The Best (and Worst) Worst & Cringey Dad Jokes 👋

Get ready for some truly worst & cringey dad jokes that are so bad, they’re good! These jokes are packed with cheesy punchlines, awkward puns, and eye-roll-worthy humor that will leave you laughing (or groaning) every time. Perfect for anyone who loves jokes that are intentionally cringe-worthy, our worst & cringey dad jokes are guaranteed to entertain with their wonderfully bad humor. Explore the funniest (and most cringey) dad jokes around!
God asks a guy, would you set in motion a chain of events that will lead to the whole visible universe being destroyed in 1 million years, for 1 trillion dollars? Guy says yes thats alot of money and I've got to live for today. God pulls out a mountain of cash and swims in it and says, then you'll understand what I did 999,999 years ago.
The police were called to a NASCAR event when belligerent fans became violent after being asked to remove the Confederate flags they had brought to the event. Authorities believe it to be race-related.
My sister had a baby to save the relationship... But i still don’t talk to her.Credit: anthony jeselnik
Found a human hair in my McDonald’s burger. I was so surprised.... ... I didn’t know that they use natural ingredients.
After nearly a month of trying, my wife finally told me that she is pregnant. She has the worst stutter ever.

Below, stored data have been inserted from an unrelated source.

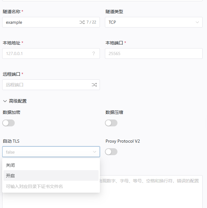 在此选择框内直接输入文件名即可。 会试图访问调试目录下的<上述的文件名>.crt和<上述的文件名>.key两个证书文件。 若文件不存在或解析失败 效果与自动TLS :启用相同。(调试目录可通过在frpc命令行后加上--debug后启动获得。)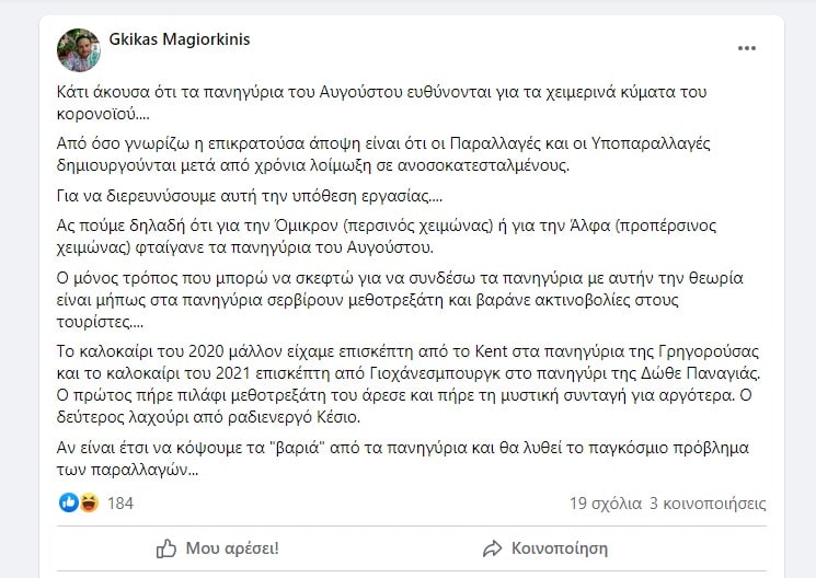 Ας πούμε δηλαδή ότι για την Όμικρον (περσινός χειμώνας) ή για την Άλφα (προπέρσινος χειμώνας) φταίγανε τα πανηγύρια του Αυγούστου.
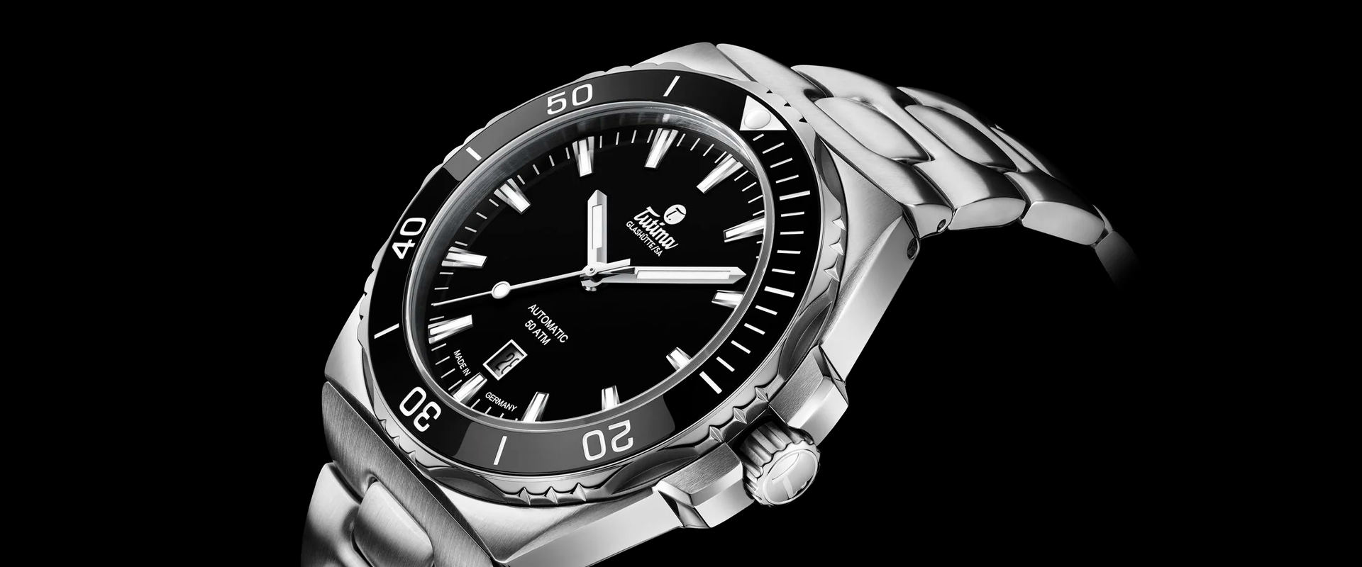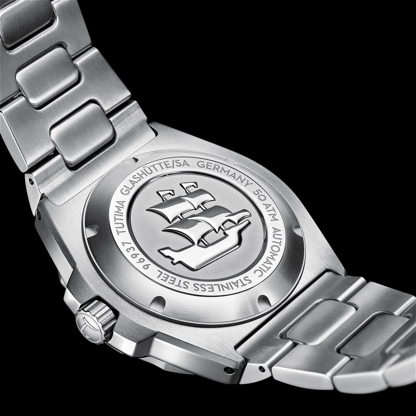 Com caixa em aço inoxidável escovado e cristal de safira antirreflexo, o Seven Seas S mantém a filosofia "tutus" (seguro, protegido) da marca alemã. A pulseira de aço integrada com fecho dobrável, rotor com selo dourado e reserva de marcha de 38 horas completam este instrumento de precisão desenvolvido para quem não aceita compromissos entre performance e confiabilidade.

I've got a great joke about construction, but I'm still working on it.'
Wanna hear a joke about construction? I'm still workin' on it!
Imagine if you walked into a bar and there was a long line of people waiting to take a swing at you. That’s the punch line.
What did the Japanese cannibal eat for dinner? Raw men
I once got fired from a canned juice factory. Apparently I couldn’t concentrate.
If two vegetarians get in an argument, is it still called beef?
“Siri,” I asked my phone, “why am I so bad with women?" She responded, “I’m Bixby, you moron.”
Within minutes the detectives knew what the murder weapon was. It was a brief case.
In my free time, I like to help blind people. Verb, not adjective.
What did the fish say when it swam into a wall? Damn!